El patrón no es nuevo ni exclusivo de Cataluña: le sucedió al Parti Québécois (PQ), promotor del referéndum independentista de 1995 en la región francófona canadiense -que hoy es residual en el Parlamento, con tres escaños de 125, frente al mayoritario CAQ de François Legault, nacionalista pragmático- y le ha ocurrido, de manera más atenuada, al Scottish National Party (SNP), que tras el plebiscito pactado con Reino Unido en 2014 ha visto truncarse, por otros motivos, los liderazgos de Alex Salmond, Nicola Sturgeon y del recientemente dimitido como ministro principal Humza Yousaf. Su sucesor, John Swinney, ha prometido buscar más apoyos para reintentar la ruptura con Londres en cinco años, pero la realidad es que los laboristas pugnan por arrebatar el primer puesto al SNP, que se arriesga a salir del Gobierno escocés en las próximas elecciones.

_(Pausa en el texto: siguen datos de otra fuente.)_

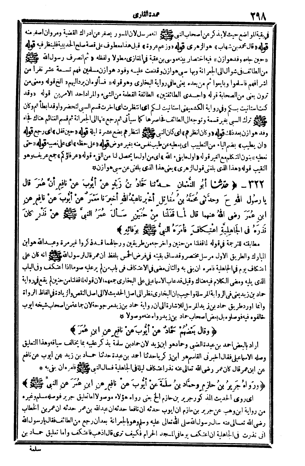 322 - (حَدثنَا أَبُو النُّعْمَان حَدثنَا حَمَّاد بن زيد عَن أَيُّوب عَن نَافِع أَن عمر قَالَ يَا رَسُول الله ح وحَدثني مُحَمَّد بن مقَاتل أخبرنَا عبد الله أخبرنَا معمر عَن أَيُّوب عَن نَافِع عَن ابْن عمر رَضِي الله عَنْهُمَا قَالَ لما قَفَلْنَا من حنين سَأَلَ عمر النَّبِي - صَلَّى اللَّهُ عَلَيْهِ وَسَلَّم َ - عَن نذر كَانَ نَذره فِي الْجَاهِلِيَّة اعْتِكَاف فَأمره النَّبِي - صَلَّى اللَّهُ عَلَيْهِ وَسَلَّم َ - بوفائه) مطابقته للتَّرْجَمَة فِي قَوْله لما قَفَلْنَا من حنين وَأخرجه من طَرِيقين ورجالهما قد ذكرُوا غير مرّة وَعبد الله هُوَ ابْن الْمُبَارك وَالطَّرِيق الأول مُرْسل مُخْتَصر وَقد سَاق بَقِيَّته فِي فرض الْخمس بِلَفْظ أَن عمر قَالَ لرَسُول الله - صَلَّى اللَّهُ عَلَيْهِ وَسَلَّم َ - إِنَّه كَانَ على اعْتِكَاف يَوْم فِي الْجَاهِلِيَّة فَأمره أَن يَفِي بِهِ وَالثَّانِي مضى فِي الِاعْتِكَاف فِي بَاب من لم ير عَلَيْهِ صوما إِذا اعْتكف وَفِي الْبَاب الَّذِي يَلِيهِ وَمضى الْكَلَام فِيهِ هُنَاكَ وَقيل قد عَابَ الْإِسْمَاعِيلِيّ على البُخَارِيّ جَمعهمَا لِأَن قَوْله لما قَفَلْنَا من حنين لم يَقع فِي رِوَايَة حَمَّاد بن زيد يَعْنِي فِي الرِّوَايَة الْمُرْسلَة وَأجِيب بِأَن البُخَارِيّ نظر إِلَى أصل الحَدِيث لَا إِلَى أصل النَّقْص وَالزِّيَادَة فِي أَلْفَاظ الروَاة وَإِنَّمَا أورد طَرِيق حَمَّاد بن زيد الْمُرْسل للْإِشَارَة إِلَى أَن رِوَايَة حَمَّاد بن زيد مرجوحة لِأَن جمَاعَة من أَصْحَاب شَيْخه أَيُّوب خالفوه فِيهِ فوصلوه بل بعض أَصْحَاب حَمَّاد بن زيد رَوَاهُ عَنهُ مَوْصُولا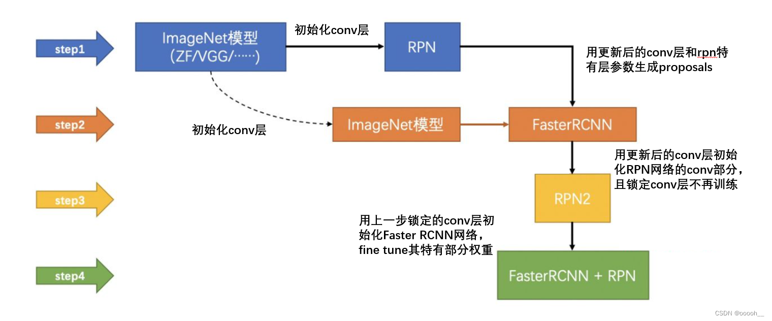 第三步:再次使用ImageNet的预训练权重初始化Faster RCNN网络的共享conv层(Faster RCNN特有层随机初始化),然后训练Faster RCNN网络。训练完后,共享conv层和Faster RCNN特有层的权重都更新了。
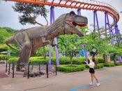 刺激的雲霄飛車,可從恐龍的頭頂旁邊快速經過喔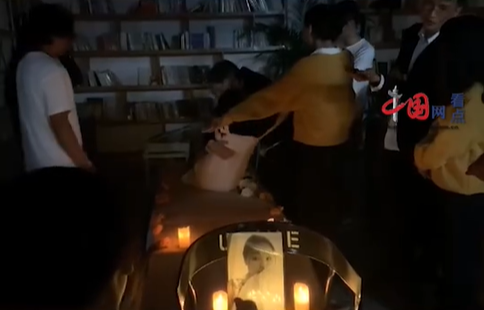 ▲朋友們一起對小汪鞠躬,致上哀悼之意。(圖/翻攝自中國看點網)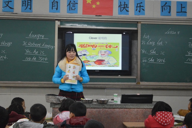 2013年元月17日上午,小学一年级英语教师张芬在159班上了一堂生动的英语课。小159班49人在轻松快乐的教学氛围中学习了第8课,这节课的教学目的是培养学生听力理解、单词认识和句型练习。罗校长、刘主任等人亲临课堂,对这节英语讲课表示非常满意。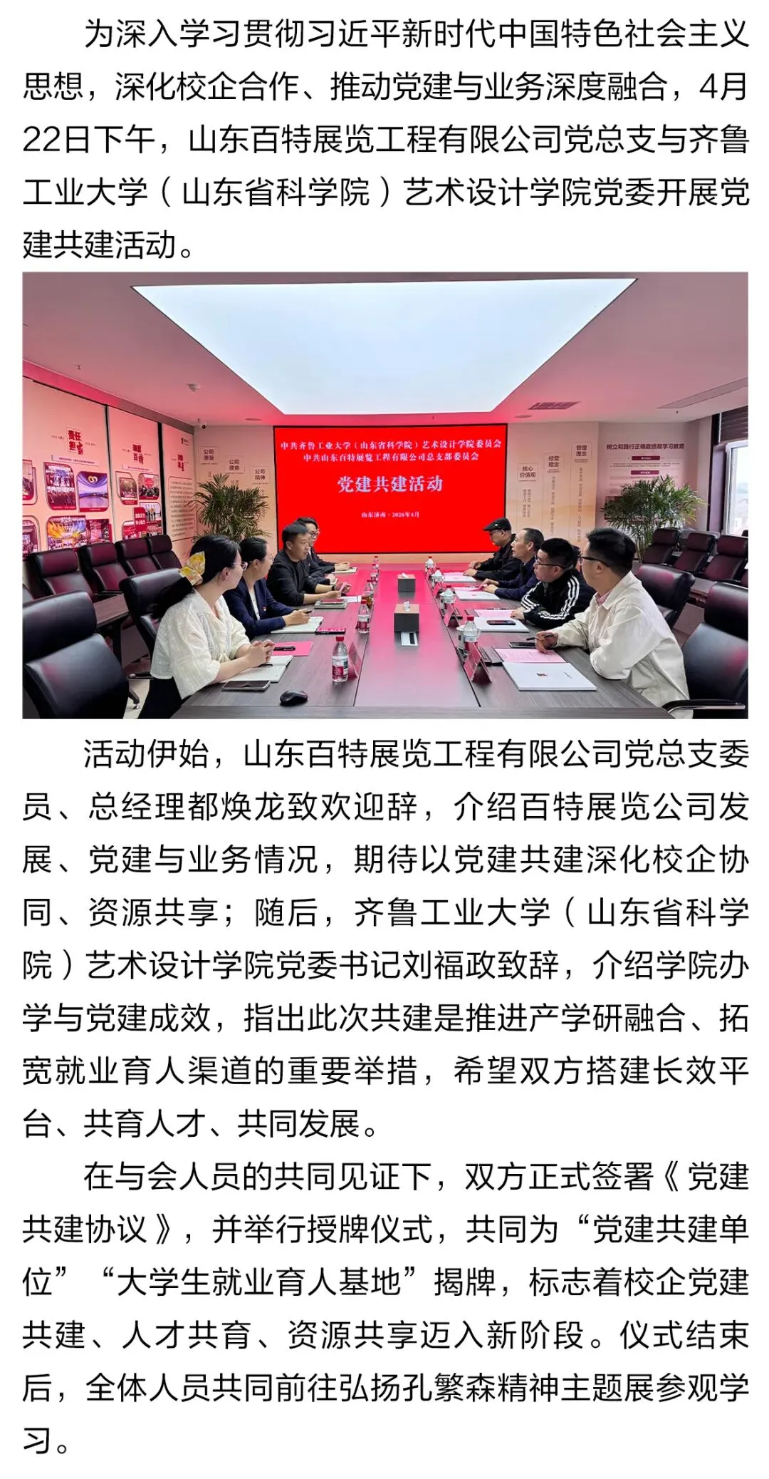 山东百特展览工程有限公司党总支与齐鲁工业大学(山东省科学院)艺术设计学院党委开展党建共建活动

La lectura común, extensiva incluso al golpe de timón que ejecutó el PNV tras los sucesivos portazos al plan Ibarretxe, es que la desilusión y el cansancio del electorado frente a las limitaciones políticas y legales del objetivo independentista y las tensiones que esos procesos provocan acaban erosionando a sus promotores y fomentando la abstención. Pero hay matices. Por ejemplo, tanto en Quebec como en Escocia, con leyes fundamentales menos restrictivas que la Constitución española, se convocaron sendos referéndums, que los partidarios de la secesión perdieron por estrecho margen. «Allí donde los gobiernos han sabido afrontar mejor el desafío, el independentismo no ha dejado de existir pero ha virado hacia el pragmatismo», analiza Basaguren, que defiende que emprender «reformas» en el Estado autonómico, más allá de la ley de amnistía, podría ir encauzando el eterno problema catalán.

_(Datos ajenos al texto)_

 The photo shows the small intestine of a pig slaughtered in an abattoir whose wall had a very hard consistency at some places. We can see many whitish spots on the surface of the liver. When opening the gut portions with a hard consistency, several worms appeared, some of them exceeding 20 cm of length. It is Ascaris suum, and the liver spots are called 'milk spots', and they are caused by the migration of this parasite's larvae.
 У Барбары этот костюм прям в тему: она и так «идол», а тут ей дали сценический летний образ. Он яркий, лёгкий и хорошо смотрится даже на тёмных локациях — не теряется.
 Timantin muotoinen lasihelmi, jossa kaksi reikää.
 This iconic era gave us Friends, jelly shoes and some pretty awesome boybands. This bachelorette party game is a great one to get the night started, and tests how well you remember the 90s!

Porque, pese a las lecciones de Escocia y Quebec, hay otro dato fundamental que no pasa desapercibido a quienes analizan el fenómeno. «Quien más ha perdido es el partido que más ha apostado por la negociación y la bilateralidad», apunta la socióloga y profesora de la Universidad de Deusto María Silvestre, que ve sin embargo «reforzado» el «independentismo mágico» de Puigdemont y sus discursos «mesiánicos», aunque aliñados, recalca, por un intento de volver a conectar «con lo que fue Convergència, un partido de la burguesía catalana liberal, y con sus preocupaciones económicas». «Una parte importante del voto independentista prefiere un discurso hueco, lleno de gestos épicos, antes que asumir el coste y la lentitud de la negociación», apunta Silvestre.